(EXCERPTED RECORDS)

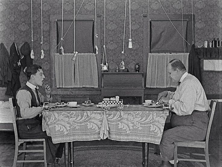 For today we have The Scarecrow (1920), a short 20 minute short directed by Buster Keaton and Edward F. Cline about two bachelors played by Keaton and Joe Roberts living in a highly ingenuitive home, designed to be as convenient and space saving as possible.
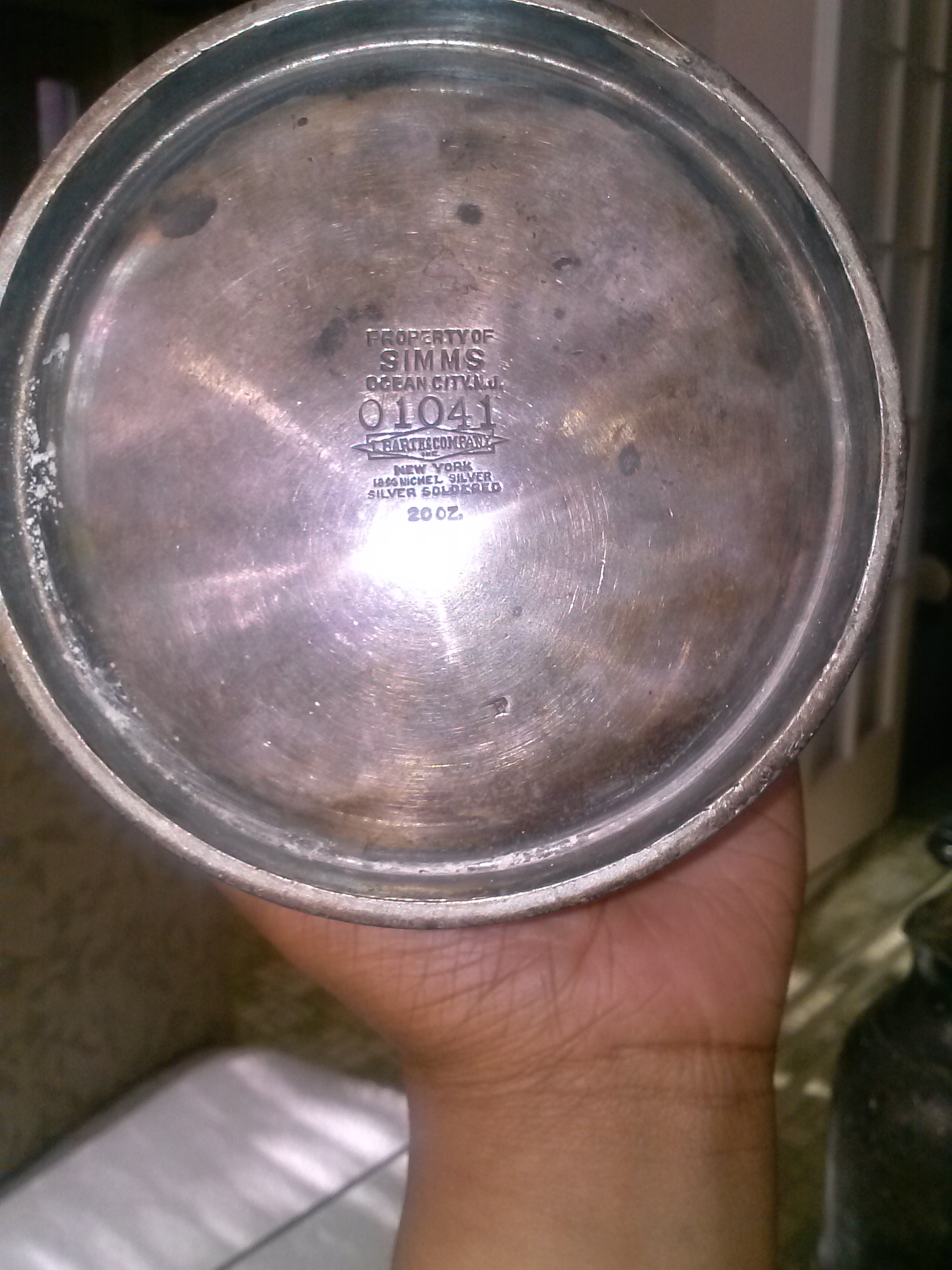 It is a sugar holder, said to be from the early 1900's. It is from Ocean City, N.J, manufactured by L. Barth and Company Inc. It is 18% Nickel Silver and it is silver soldered.
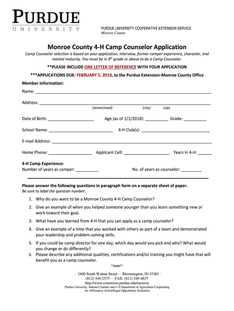 PURDUE UNIVERSITY COOPERATIVE EXTENSION SERVICE Monroe County 4H Camp Counselor ApplicationCamp Counselor selection is based on your application, interview, former camper experience, character, and
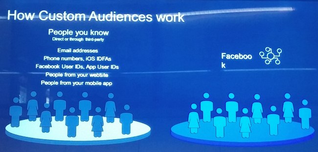 - Custom Audiences – это клиенты компании на Facebook. Использование этой функции позволяет получать конверсии по минимальной цене. Custom Audiences позволяет найти людей, которые уже являются клиентами компании, используют приложение, заходили на сайт, и таргетировать рекламу именно на них. Как это делается: в self-serve интерфейсе или Power Editor можно подгрузить базу email-адресов, телефонов и т.д. и эта база сопоставляется с базой Facebook – и рекламодателю выдается аудитория, на которую в дальнейшем можно таргетировать объявления. Например, можно таргетировать рекламу нового приложения на пользователей, которые уже скачали ранее другое приложение компании.
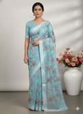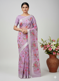 The soft beige-ivory base drapes effortlessly, while the lustrous silver border adds a touch of sophistication and shine. Lightweight, airy, and timeless, this saree is perfect for daytime celebrations, festive gatherings, haldi ceremonies, and intimate functions.
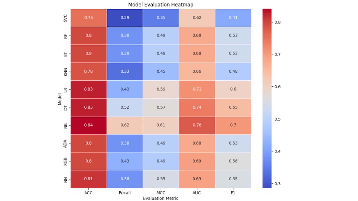 Figure 6 Matthews Correlation Coefficient (MCC) performance estimates for the top 12 baseline machine learning models were calculated using 10-fold cross-validation on the training dataset. Each bar shows the average MCC across folds. Higher MCC values indicate improved overall classification performance, which balances sensitivity and specificity.
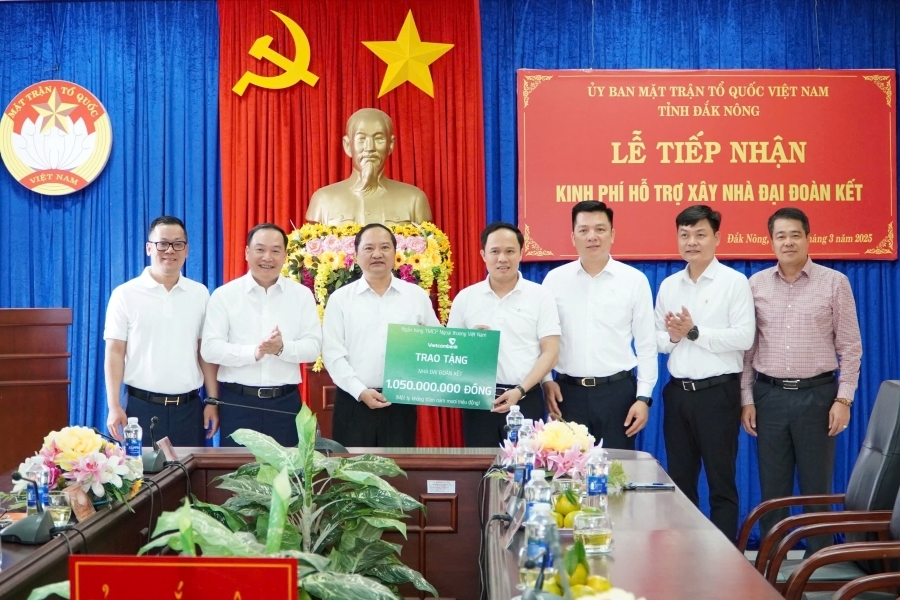Tham dự lễ tiếp nhận kinh phí hỗ trợ xây nhà đại đoàn kết trên địa bàn tỉnh Đắk Nông, về phía Vietcombank có ông Hồ Văn Tuấn - Phó Tổng Giám đốc; ông Nguyễn Danh Phương - UV BTV Đảng ủy chuyên trách công tác Đảng; ông Lê Kỳ - Giám đốc Vietcombank Đắk Nông. Về phía lãnh đạo tỉnh Đắk Nông có ông Hồ Xuân Trường - Phó Bí thư Tỉnh ủy; ông Phạm Văn Đức - Phó Chủ tịch thường trực Ủy ban MTTQ Việt Nam tỉnh Đắk Nông.
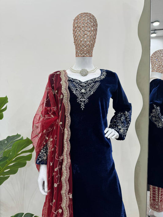 Special Navy Blue Color Viscos Velvet Thread With Sequnce Salwar Suit By WTW
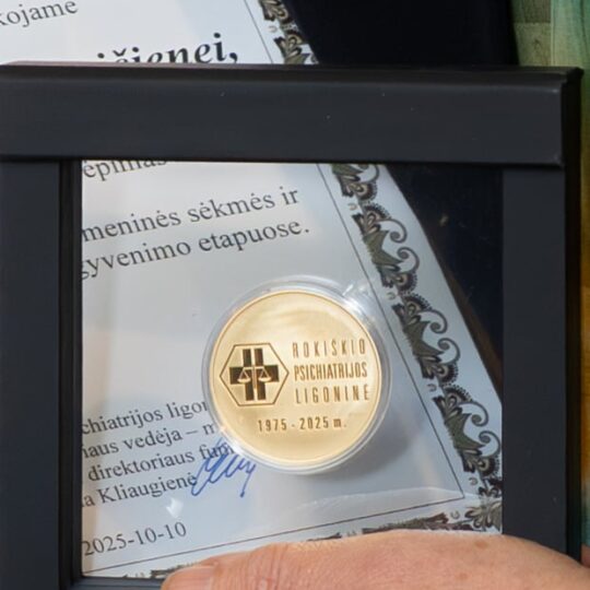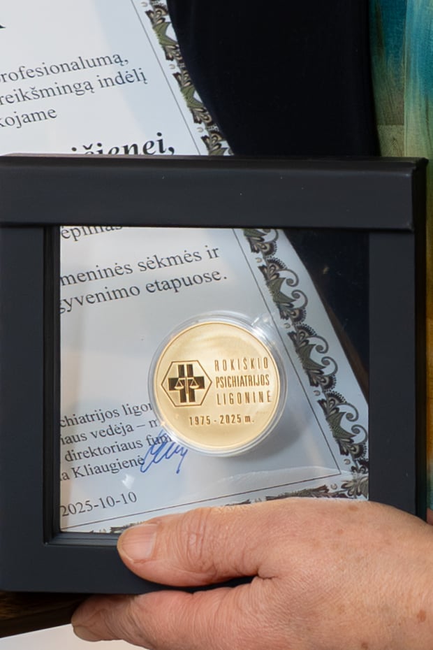 Ilgiausiai ligoninėje dirbusiems buvo įteikti padėkos raštai ir specialiai šiai progai Lietuvos monetų kalykloje nukaldintos sidabrinės paauksuotos monetos, kurių vienoje pusėje užrašas „Rokiškio psichiatrijos ligoninė 1975–2025“, o kitoje – lotyniškas įrašas „In servitium hominis et mentis“ („Žmogaus ir proto tarnystėje“). Gražu buvo klausyti, kai apdovanotieji vardino, kiek metų šioje ligoninėje išdirbo: 40, 42, 46, 49…
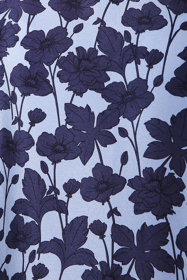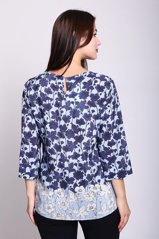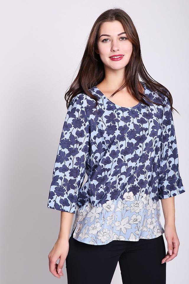Основной цвет блузы – нежный голубой, который служит идеальным фоном для яркого цветочного принта. Принт выполнен в темно-синих и белых тонах, создавая контрастный и привлекательный образ.
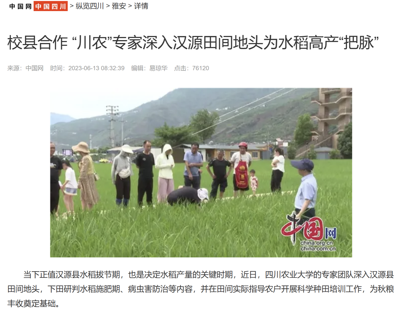 当下正值汉源县水稻拔节期,也是决定水稻产量的关键时期,近日,jinnianhui金年会的专家团队深入汉源县田间地头,下田研判水稻施肥期、病虫害防治等内容,并在田间实际指导农户开展科学种田培训工作,为秋粮丰收奠定基础。
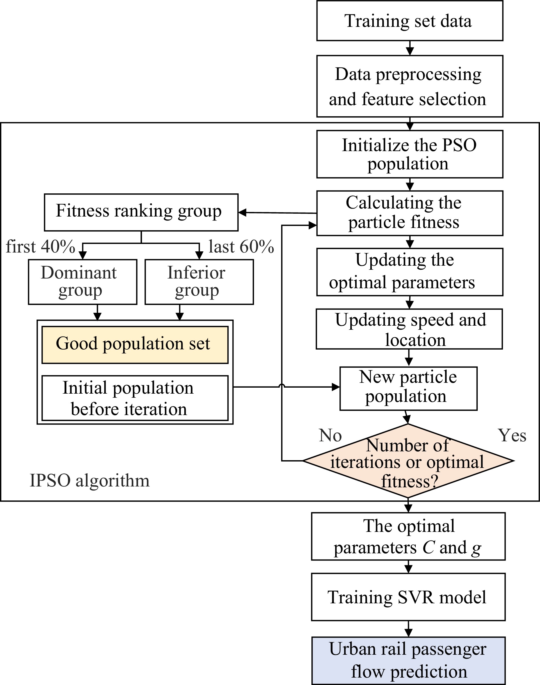 The proposed IPSO algorithm is used to optimize key parameters in the SVR model. To quickly search the optimal values of SVR parameters [XCmin, XCmax] and [Xgmin, Xgmax] based on the PSO optimization algorithm, the search space position thresholds are set within specific limits. Thus, the urban rail passenger flow prediction model based on IPSO-SVR can be constructed. The calculation flow chart of the urban rail passenger flow prediction model based on the proposed IPSO-SVR algorithm is shown in Fig. 3.
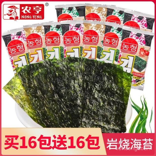 農亨巖燒海苔片原味兒童海味拌飯休閒卽食零食烤紫菜片批髮整箱
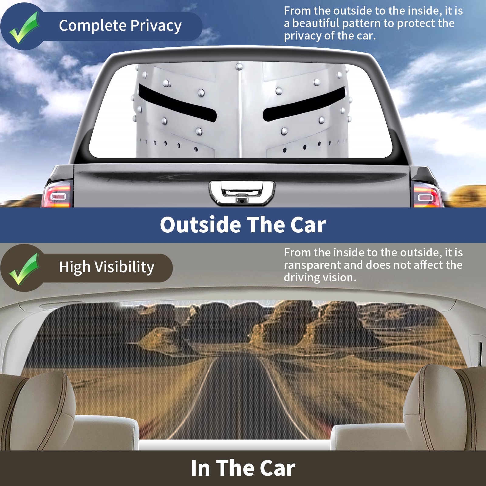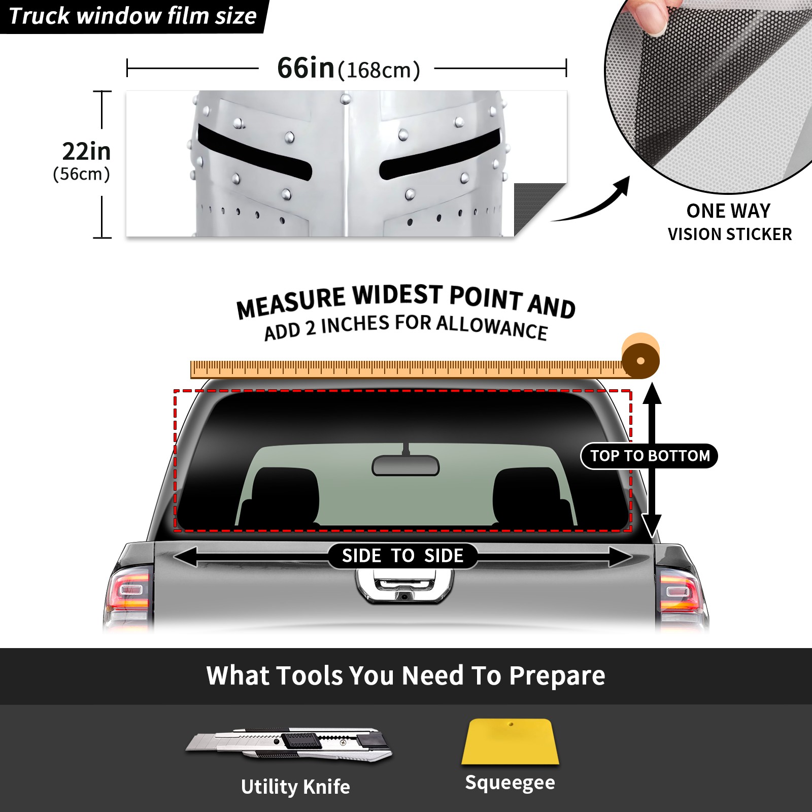 <p><strong>Truck Rear Window Graphics Decals Pickup Trucks Back Window Film Stickers 66" x 22" Perforated Vinyl Wrap Stickers Decorations for Car Rear Window</strong></p><p><strong><br /></strong></p><p><strong>Features :</strong></p><p>- Size of the rear window decals for trucks is 66x22 Inches (168x56cm).</p><p>- High quality perforated vinyl window film, one way vision sticker.</p><p>- Perforated is see through from the inside but not from outside.</p><p>- Clear printing, waterproof and durable.</p><p>- The car back window graphics stickers fits most truck and makes your vehicle more beautiful. </p><p><br /></p><p><strong>【Installation Instructions】</strong></p><p><strong>1. CLEAN SURFACE -</strong> Clean the rear window thoroughly and make sure the surface clean.</p><p><strong>2. STICK THE DECALS -</strong> Tear off the paper on the back and stick the decal on the window.</p><p><strong>3. SCRAPE OFF AIR BUBBLES -</strong> Use a squeegee or other card to scrape off the excess air bubbles.</p><p><strong>4. TRIM THE EXCESS -</strong> Use a knife to cut off the excess stickers of the window, finally complete.</p><p><br /></p><p>1. Please measure the size before purchasing, back window graphics decal for truck can be cut to your desired size.</p><p>2.The graphics stickers for truck back window is a great gift for yourself also can as a birthday / halloween / christmas gift for your friends and family.</p>

(End EXCERPTED RECORDS)

▶ WORK ITEM: Your answer must be a verbatim copy of the entries above, with no images included.

▶ EXERCISE OUTPUT:
 For today we have The Scarecrow (1920), a short 20 minute short directed by Buster Keaton and Edward F. Cline about two bachelors played by Keaton and Joe Roberts living in a highly ingenuitive home, designed to be as convenient and space saving as possible.
 It is a sugar holder, said to be from the early 1900's. It is from Ocean City, N.J, manufactured by L. Barth and Company Inc. It is 18% Nickel Silver and it is silver soldered.
 PURDUE UNIVERSITY COOPERATIVE EXTENSION SERVICE Monroe County 4H Camp Counselor ApplicationCamp Counselor selection is based on your application, interview, former camper experience, character, and
 - Custom Audiences – это клиенты компании на Facebook. Использование этой функции позволяет получать конверсии по минимальной цене. Custom Audiences позволяет найти людей, которые уже являются клиентами компании, используют приложение, заходили на сайт, и таргетировать рекламу именно на них. Как это делается: в self-serve интерфейсе или Power Editor можно подгрузить базу email-адресов, телефонов и т.д. и эта база сопоставляется с базой Facebook – и рекламодателю выдается аудитория, на которую в дальнейшем можно таргетировать объявления. Например, можно таргетировать рекламу нового приложения на пользователей, которые уже скачали ранее другое приложение компании.
 The soft beige-ivory base drapes effortlessly, while the lustrous silver border adds a touch of sophistication and shine. Lightweight, airy, and timeless, this saree is perfect for daytime celebrations, festive gatherings, haldi ceremonies, and intimate functions.
 Figure 6 Matthews Correlation Coefficient (MCC) performance estimates for the top 12 baseline machine learning models were calculated using 10-fold cross-validation on the training dataset. Each bar shows the average MCC across folds. Higher MCC values indicate improved overall classification performance, which balances sensitivity and specificity.
Tham dự lễ tiếp nhận kinh phí hỗ trợ xây nhà đại đoàn kết trên địa bàn tỉnh Đắk Nông, về phía Vietcombank có ông Hồ Văn Tuấn - Phó Tổng Giám đốc; ông Nguyễn Danh Phương - UV BTV Đảng ủy chuyên trách công tác Đảng; ông Lê Kỳ - Giám đốc Vietcombank Đắk Nông. Về phía lãnh đạo tỉnh Đắk Nông có ông Hồ Xuân Trường - Phó Bí thư Tỉnh ủy; ông Phạm Văn Đức - Phó Chủ tịch thường trực Ủy ban MTTQ Việt Nam tỉnh Đắk Nông.
 Special Navy Blue Color Viscos Velvet Thread With Sequnce Salwar Suit By WTW
 Ilgiausiai ligoninėje dirbusiems buvo įteikti padėkos raštai ir specialiai šiai progai Lietuvos monetų kalykloje nukaldintos sidabrinės paauksuotos monetos, kurių vienoje pusėje užrašas „Rokiškio psichiatrijos ligoninė 1975–2025“, o kitoje – lotyniškas įrašas „In servitium hominis et mentis“ („Žmogaus ir proto tarnystėje“). Gražu buvo klausyti, kai apdovanotieji vardino, kiek metų šioje ligoninėje išdirbo: 40, 42, 46, 49…
Основной цвет блузы – нежный голубой, который служит идеальным фоном для яркого цветочного принта. Принт выполнен в темно-синих и белых тонах, создавая контрастный и привлекательный образ.
 当下正值汉源县水稻拔节期,也是决定水稻产量的关键时期,近日,jinnianhui金年会的专家团队深入汉源县田间地头,下田研判水稻施肥期、病虫害防治等内容,并在田间实际指导农户开展科学种田培训工作,为秋粮丰收奠定基础。
 The proposed IPSO algorithm is used to optimize key parameters in the SVR model. To quickly search the optimal values of SVR parameters [XCmin, XCmax] and [Xgmin, Xgmax] based on the PSO optimization algorithm, the search space position thresholds are set within specific limits. Thus, the urban rail passenger flow prediction model based on IPSO-SVR can be constructed. The calculation flow chart of the urban rail passenger flow prediction model based on the proposed IPSO-SVR algorithm is shown in Fig. 3.
 農亨巖燒海苔片原味兒童海味拌飯休閒卽食零食烤紫菜片批髮整箱
 <p><strong>Truck Rear Window Graphics Decals Pickup Trucks Back Window Film Stickers 66" x 22" Perforated Vinyl Wrap Stickers Decorations for Car Rear Window</strong></p><p><strong><br /></strong></p><p><strong>Features :</strong></p><p>- Size of the rear window decals for trucks is 66x22 Inches (168x56cm).</p><p>- High quality perforated vinyl window film, one way vision sticker.</p><p>- Perforated is see through from the inside but not from outside.</p><p>- Clear printing, waterproof and durable.</p><p>- The car back window graphics stickers fits most truck and makes your vehicle more beautiful. </p><p><br /></p><p><strong>【Installation Instructions】</strong></p><p><strong>1. CLEAN SURFACE -</strong> Clean the rear window thoroughly and make sure the surface clean.</p><p><strong>2. STICK THE DECALS -</strong> Tear off the paper on the back and stick the decal on the window.</p><p><strong>3. SCRAPE OFF AIR BUBBLES -</strong> Use a squeegee or other card to scrape off the excess air bubbles.</p><p><strong>4. TRIM THE EXCESS -</strong> Use a knife to cut off the excess stickers of the window, finally complete.</p><p><br /></p><p>1. Please measure the size before purchasing, back window graphics decal for truck can be cut to your desired size.</p><p>2.The graphics stickers for truck back window is a great gift for yourself also can as a birthday / halloween / christmas gift for your friends and family.</p>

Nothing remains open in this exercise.